- [Exercise] Starting with the line where "(EX-MCL) | |||" appears, print every line through the end of the entries below exactly as it stands, and leave out the pictures.

- [Record extracts]
_ _ _

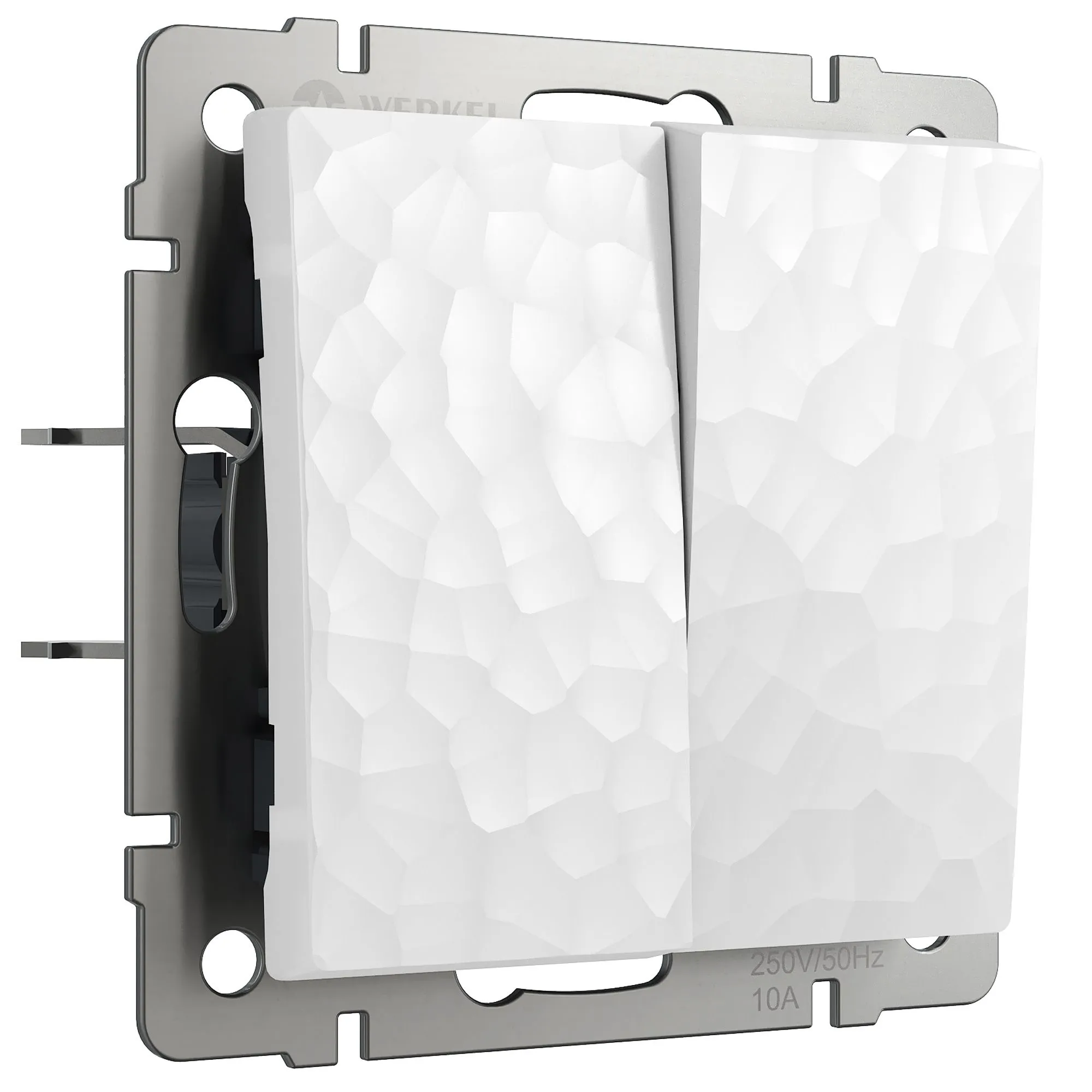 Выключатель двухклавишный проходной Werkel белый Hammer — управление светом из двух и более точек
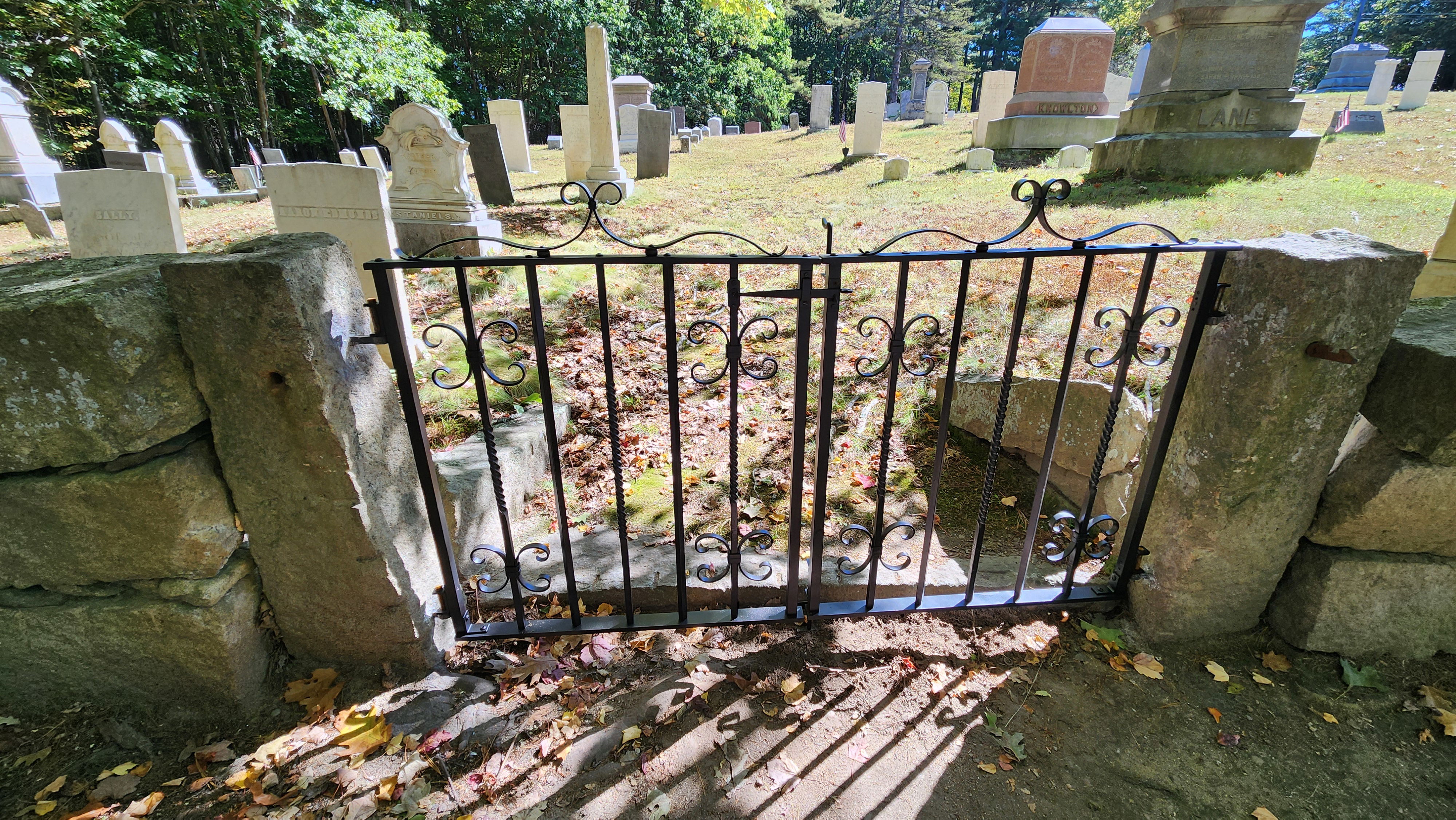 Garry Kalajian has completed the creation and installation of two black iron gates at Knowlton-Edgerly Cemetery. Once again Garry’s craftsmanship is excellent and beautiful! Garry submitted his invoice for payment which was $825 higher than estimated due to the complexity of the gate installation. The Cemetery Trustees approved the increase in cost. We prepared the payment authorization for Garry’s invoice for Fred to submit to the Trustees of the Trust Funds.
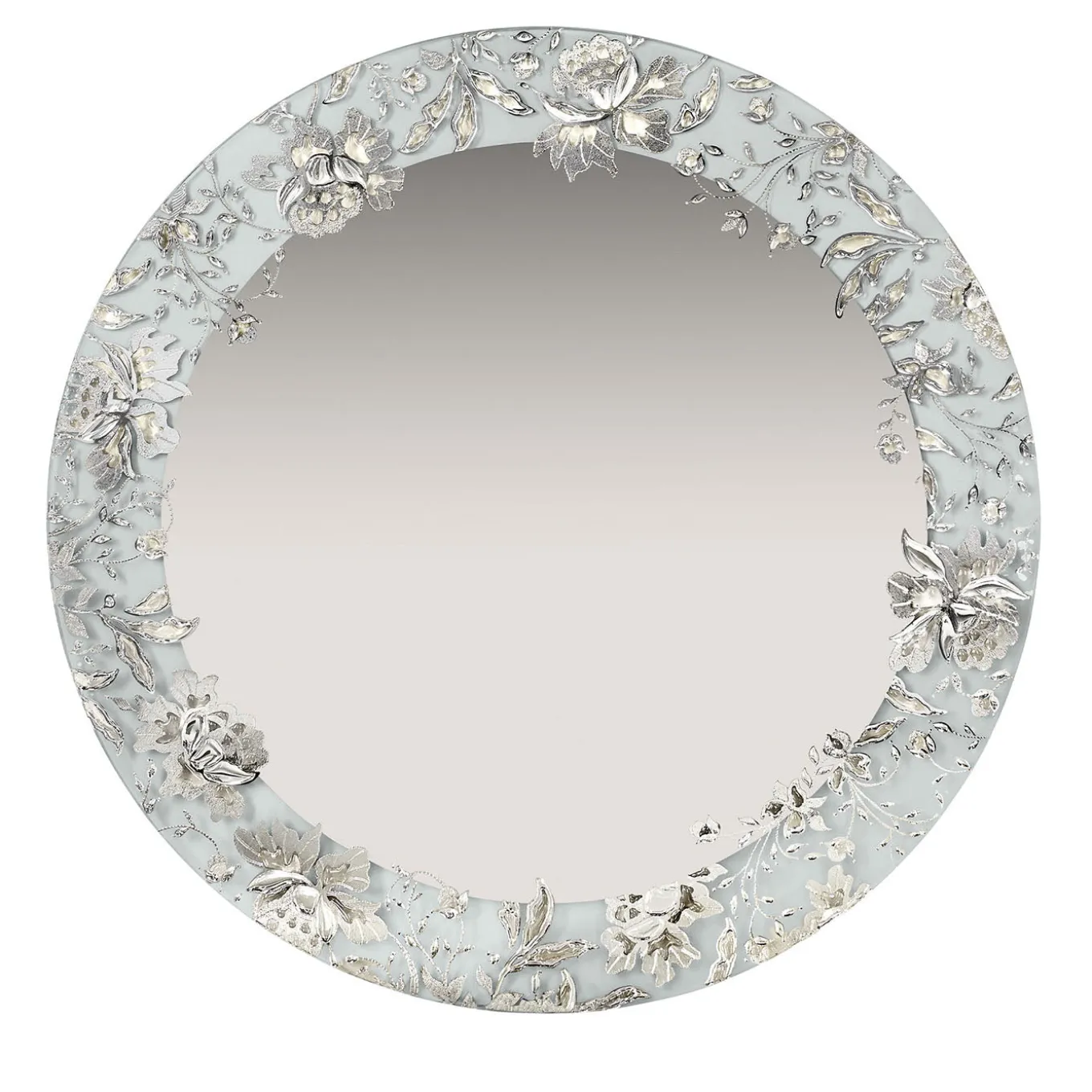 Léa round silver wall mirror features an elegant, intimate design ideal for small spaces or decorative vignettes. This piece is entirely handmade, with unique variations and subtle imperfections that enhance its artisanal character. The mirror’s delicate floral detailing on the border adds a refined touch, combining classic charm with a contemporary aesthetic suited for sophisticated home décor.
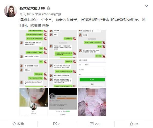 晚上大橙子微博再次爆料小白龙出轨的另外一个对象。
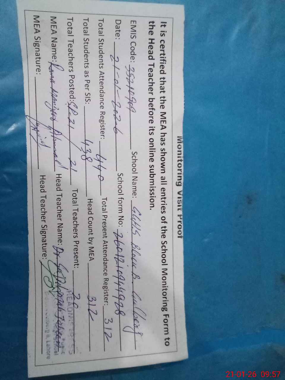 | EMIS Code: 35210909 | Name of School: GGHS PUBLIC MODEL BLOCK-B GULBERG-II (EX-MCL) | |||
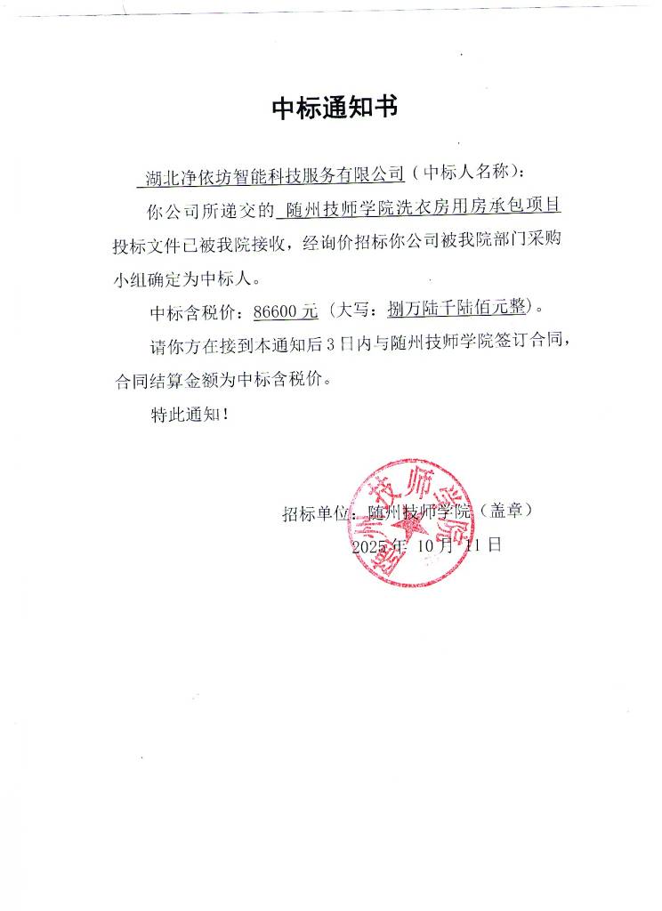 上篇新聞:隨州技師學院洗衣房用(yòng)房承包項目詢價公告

_ _ _

- [Exercise result]
 | EMIS Code: 35210909 | Name of School: GGHS PUBLIC MODEL BLOCK-B GULBERG-II (EX-MCL) | |||
 上篇新聞:隨州技師學院洗衣房用(yòng)房承包項目詢價公告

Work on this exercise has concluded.